* _Task requirements_
Look below for the line with "6.ValitseMicrosoft Defender Antivirus"; begin the copy there and stop after the line with "In this field, and", keeping the text exact and the pictures out.

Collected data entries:
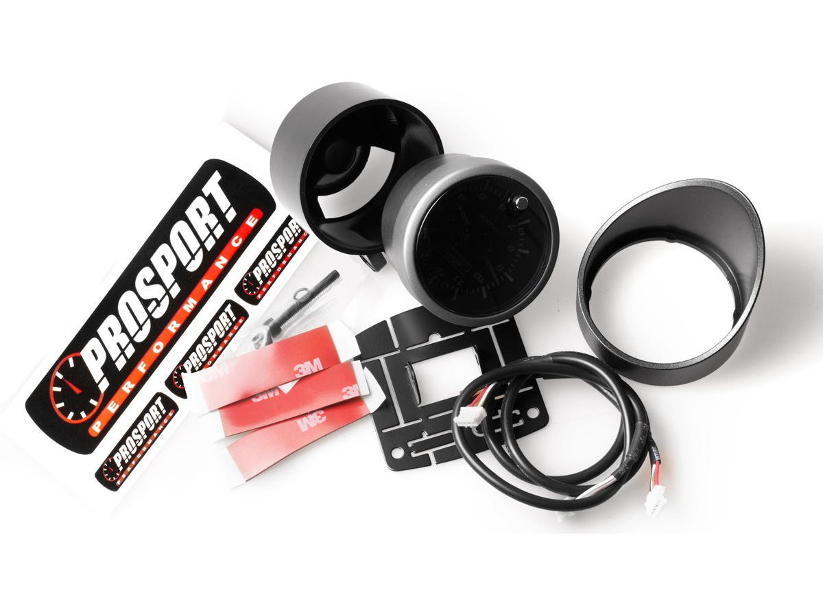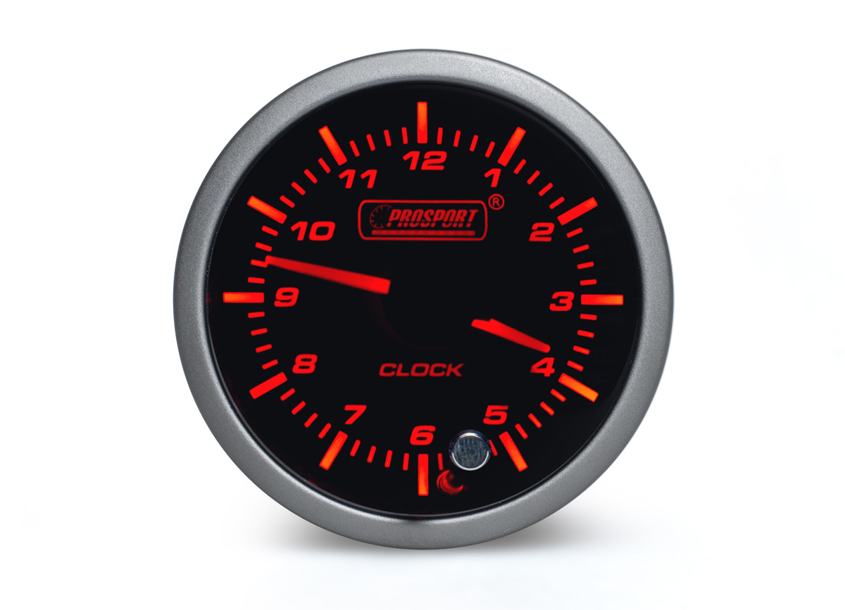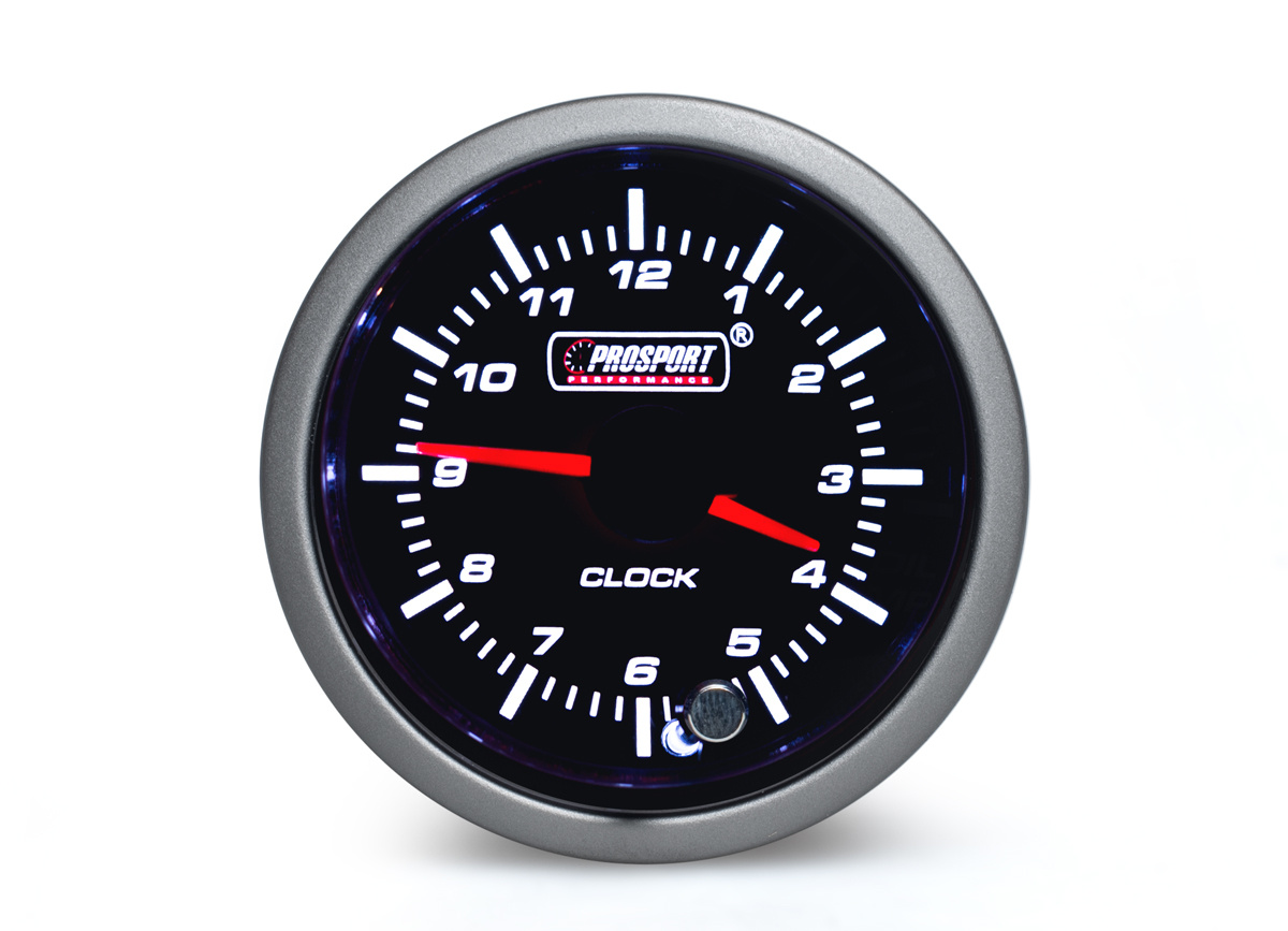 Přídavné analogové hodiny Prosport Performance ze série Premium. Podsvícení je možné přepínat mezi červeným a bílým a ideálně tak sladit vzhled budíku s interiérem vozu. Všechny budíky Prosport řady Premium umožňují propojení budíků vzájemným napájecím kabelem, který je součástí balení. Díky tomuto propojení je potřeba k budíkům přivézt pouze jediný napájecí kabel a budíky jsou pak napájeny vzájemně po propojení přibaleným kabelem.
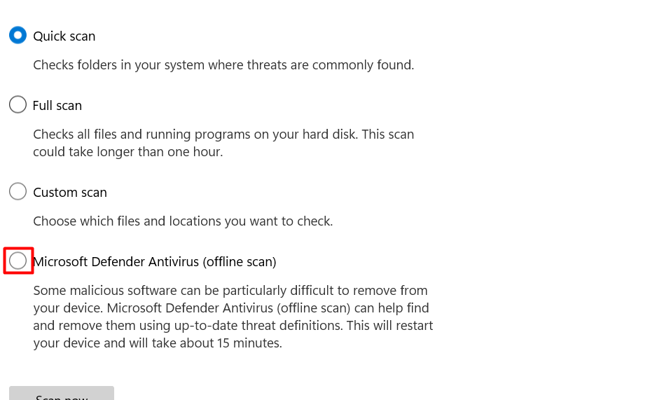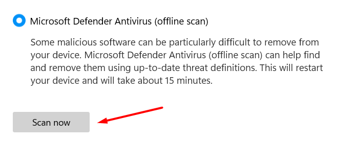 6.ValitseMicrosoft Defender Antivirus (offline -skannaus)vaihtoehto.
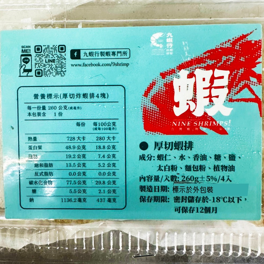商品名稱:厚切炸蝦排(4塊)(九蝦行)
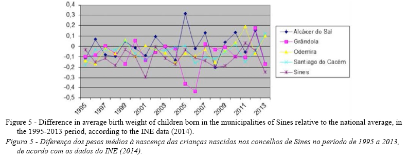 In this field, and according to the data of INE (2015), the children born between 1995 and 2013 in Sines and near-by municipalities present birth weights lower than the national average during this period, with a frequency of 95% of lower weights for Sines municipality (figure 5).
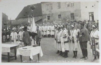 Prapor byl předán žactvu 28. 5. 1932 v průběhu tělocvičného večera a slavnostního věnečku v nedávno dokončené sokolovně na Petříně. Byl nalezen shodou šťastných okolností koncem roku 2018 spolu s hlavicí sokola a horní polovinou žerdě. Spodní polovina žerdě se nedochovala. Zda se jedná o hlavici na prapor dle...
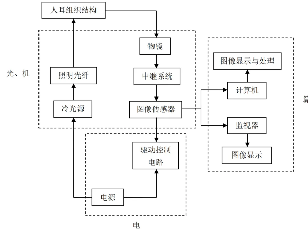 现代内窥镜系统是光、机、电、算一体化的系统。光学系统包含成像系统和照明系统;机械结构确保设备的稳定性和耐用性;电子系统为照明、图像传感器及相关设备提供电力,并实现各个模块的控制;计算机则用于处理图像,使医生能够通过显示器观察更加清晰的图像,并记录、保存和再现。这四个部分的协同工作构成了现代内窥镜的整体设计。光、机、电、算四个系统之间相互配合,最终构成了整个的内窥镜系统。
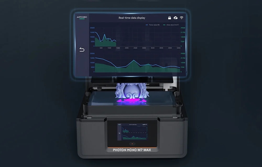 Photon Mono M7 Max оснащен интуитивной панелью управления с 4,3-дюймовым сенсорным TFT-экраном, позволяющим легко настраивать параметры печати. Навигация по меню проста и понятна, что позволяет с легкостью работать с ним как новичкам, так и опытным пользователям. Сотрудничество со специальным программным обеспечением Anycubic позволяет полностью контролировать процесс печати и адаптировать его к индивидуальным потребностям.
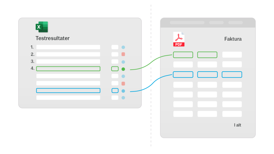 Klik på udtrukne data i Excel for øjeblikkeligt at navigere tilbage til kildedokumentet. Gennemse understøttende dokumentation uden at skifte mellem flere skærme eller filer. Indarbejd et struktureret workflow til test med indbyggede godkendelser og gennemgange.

* _Solution_
 6.ValitseMicrosoft Defender Antivirus (offline -skannaus)vaihtoehto.
商品名稱:厚切炸蝦排(4塊)(九蝦行)
 In this field, and according to the data of INE (2015), the children born between 1995 and 2013 in Sines and near-by municipalities present birth weights lower than the national average during this period, with a frequency of 95% of lower weights for Sines municipality (figure 5).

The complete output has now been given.